In 2022, Ilous collaborated with guitarist George Lynch on the single "Dead or Alive" as part of a project with the band All or Nothing. Ilous and Lynch have also toured together, performing songs from Dokken's catalog and their own musical repertoires. Ilous also collaborated with Jack Russell, the singer he replaced in Great White, in 2022. The two performed together on a cover of Tom Petty's I Won't Back Down.

In addition to his solo and band work, Ilous has toured as part of the Legends of Classic Rock, a touring ensemble of prominent rock musicians from bands such as Foreigner, Toto, Asia, and The Cult. The group performs classic hits from each artist's respective catalog, with Ilous contributing vocals on songs spanning multiple decades of rock history.

===Session work===
Ilous has worked as a session vocalist on various recording projects across multiple rock subgenres. He has provided background vocals and recording session contributions for major artists such as Guns N' Roses, AC/DC, and David Bowie.
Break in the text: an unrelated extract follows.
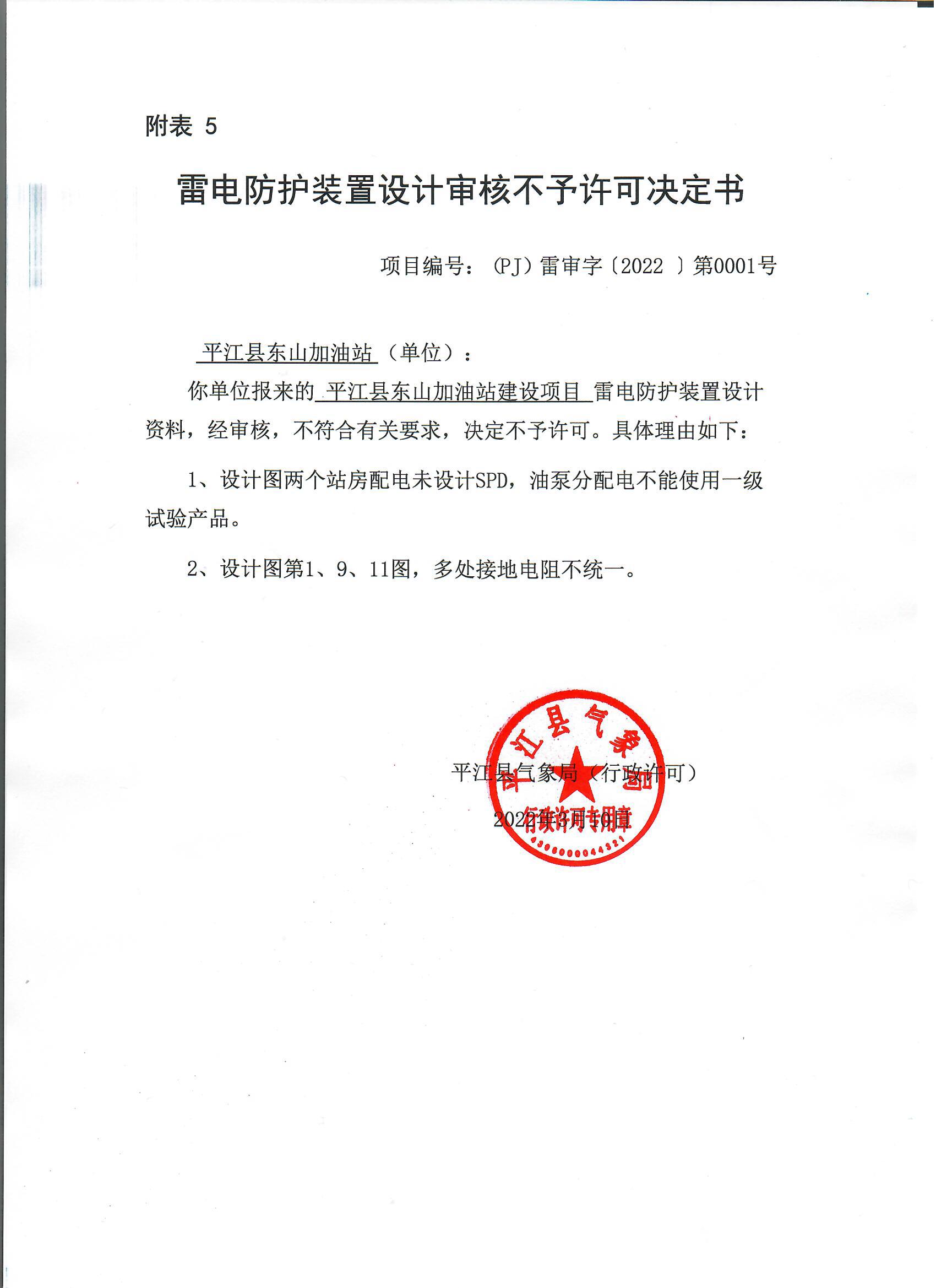 东山加油站东山加油站雷电防护装置设计审核不予许可决定书

Ilous is also a songwriter, with over 300 songs written and published for other artists, as well as for film and television projects.

==Discography==
===Solo===
- 2007 – Here and Gone
- 2017 – Gypsy Dreams
- 2020 – Hired Gun

===With XYZ===
- 1985 – XYZ (EP)
- 1989 – XYZ
- 1991 – Hungry
- 1995 – Take What You Can... Live
- 2003 – Letter to God
- 2005 – Rainy Days (demos)
- 2005 – Forbidden Demos 1985/1991
- 2008 – Best of XYZ

===With Great White===
- 2012 – Elation
- 2013 – 30 Years: Live from the Sunset Strip
- 2016 – Great White – Metal Meltdown: Live from the Hard Rock Casino Las Vegas
- 2017 – Full Circle

===Other collaborations===
- 1997 – JK Northrup – Cage (vocals)
- 2005 – Eddie Ojeda – Axes 2 Axes (vocals on "Tonight")
- 2007 – Emotions in Motion (with Takayoshi Ohmura)
- 2009 – Jun Senoue: The Works (guest vocals, with Jun Senoue)
- 2010 – La Famiglia Superstar – La Famiglia Superstar (with Marco Mendoza, Atma Anur, Steve Saluto)
- 2010 – Cage – Cage (lead vocals; featured guests include bassists Jeff Pilson, Tony Franklin and drummers Carmine Appice, James Kottak, Vinnie Appice, and Randy Castillo)
- 2011 – Liberty N' Justice – Chasing a Cure (guest vocalist)
- 2011 – Bridger – Bridger (guest vocalist)
- 2013 – A World With Heroes – A KISS Tribute For Cancer Care (vocals on "Forever")
- 2015 – Steve Saluto & Terry Ilous – No Quarter (lead vocals on Led Zeppelin cover)
- 2019 – Morano – Incognito (lead vocals on multiple tracks)
- 2020 – Rocha – Unum (guest vocals)
- 2020 – Ramos – My Many Sides (guest vocals)
- 2023 – "I Won't Back Down" (Tom Petty cover), duet with Jack Russell

==Personal life==
Terry Ilous resides in Southern California and remains active in the music scene, performing both as a solo artist and with XYZ. In addition to his singing career, he has worked as a voice actor and contributed to both television and film projects. His credits include work on the animated series Rick and Morty and the feature film Rugrats in Paris: The Movie.

Ilous has participated in a number of charity-related music projects. In 2011, he contributed to the all-star single "One Family," produced by United Rockers 4U to raise funds for victims of the earthquake and tsunami in Japan. The project featured artists from bands such as Quiet Riot, Whitesnake, and Poison. In 2016, he performed at the Rock the Ride charity concert in Vernal, Utah, an event organized to support local community outreach programs.